More than 200,000 homes and businesses were left in the dark - some for more than a week after wild winds knocked down trees and power lines almost a year ago. 13WHAM caught up with neighbors in some of the hardest hit areas and has more on what they remember about that day. (WHAM photo)

Irondequoit, N.Y. (WHAM) - There are moments that stand still in some minds. The powerful wind storm on March 8, 2017 is one of those moments.

Jeanne Allen lives on Colebrook Drive in Irondequoit.

"It was almost like a war zone," she said. “I had to maneuver around fallen power lines and trees. There were homes in my neighborhood that their whole house was split in half by trees. A home in our neighborhood – their whole half of house was knocked off its foundation.”

Rock Beach Road in Irondequoit was one of the hardest hit areas.

"All of a sudden we heard this huge impact, felt this huge impact,” said Bill Cole. “The house actually bounced.”

Cole said an oak tree about five and a half feet wide came crashing down on his neighbor's house on Rock Beach Road.

"Roof, walls, ceiling, bed, clothes dressers - everything was in their driveway, and in our yard under this enormous tree," he said.

According to Cole, the tree narrowly missed the family's baby who was in the room moments before. Cole quickly ran over to check on the family of four.

"I did a real quick nose count and had four people and knew they were safe."

Hundreds of people were without power for several days.

Irondequoit Town Supervisor Dave Seeley said his primary concern was the public's safety.

"Just driving around, you could see the devastation," he recalled. “We were one of the few towns to have a warming shelter we set up at the high school.
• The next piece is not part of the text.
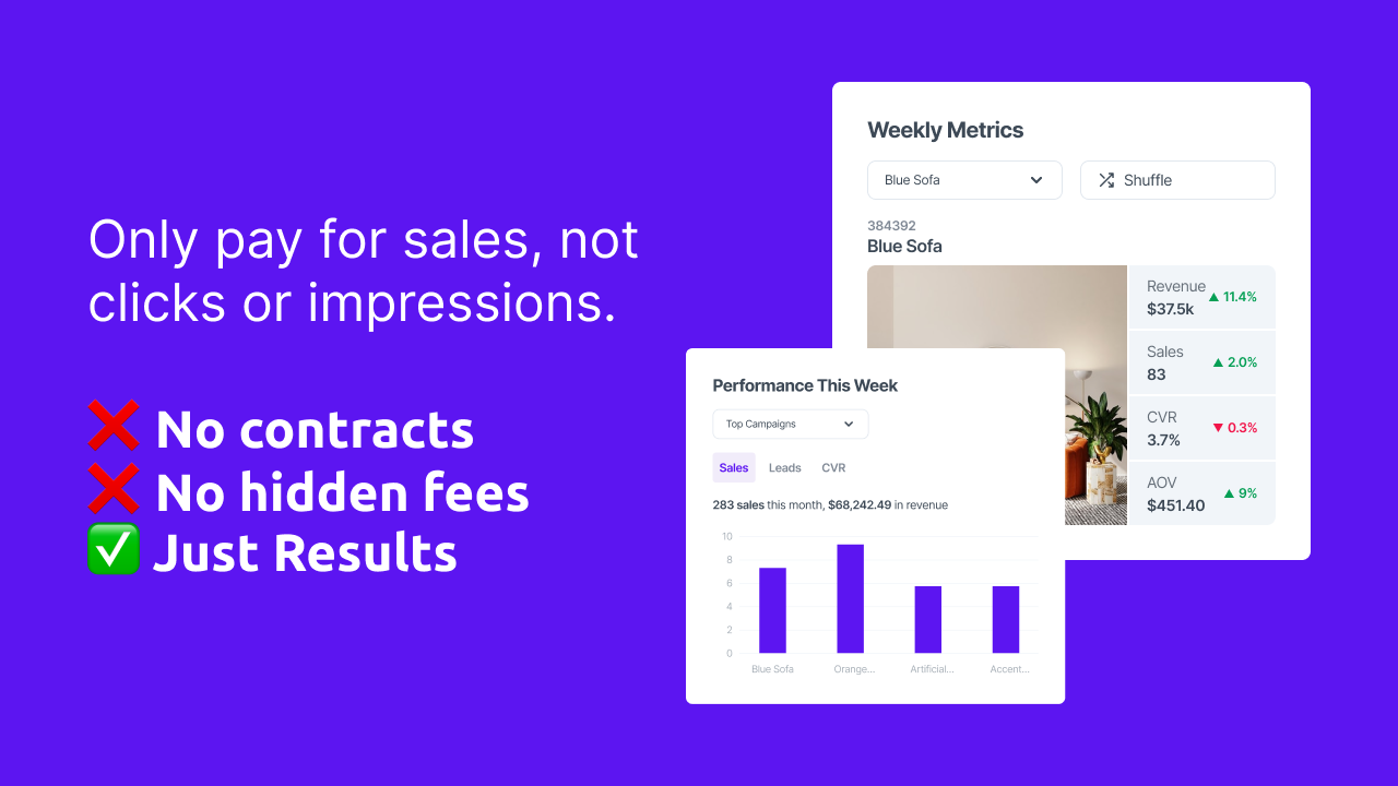 Plus, only pay for sales. No monthly contracts or hidden fees.

We gave people lists of houses of seniors that we knew streets still didn't have power and we had them knocking on the door to make sure they were okay."

While that day remains etched in memory, some neighbors said the spirit of the community is also something they will never forget.

"A lot of people shared chainsaws, saws,” said Allen. “People checked on each other. The Town of Irondequoit really pulled together."

According to Seeley, cleanup and overtime costs from the storm amounted to several hundred thousand dollars. Despite that event and other weather events, he said the town still came in under budget.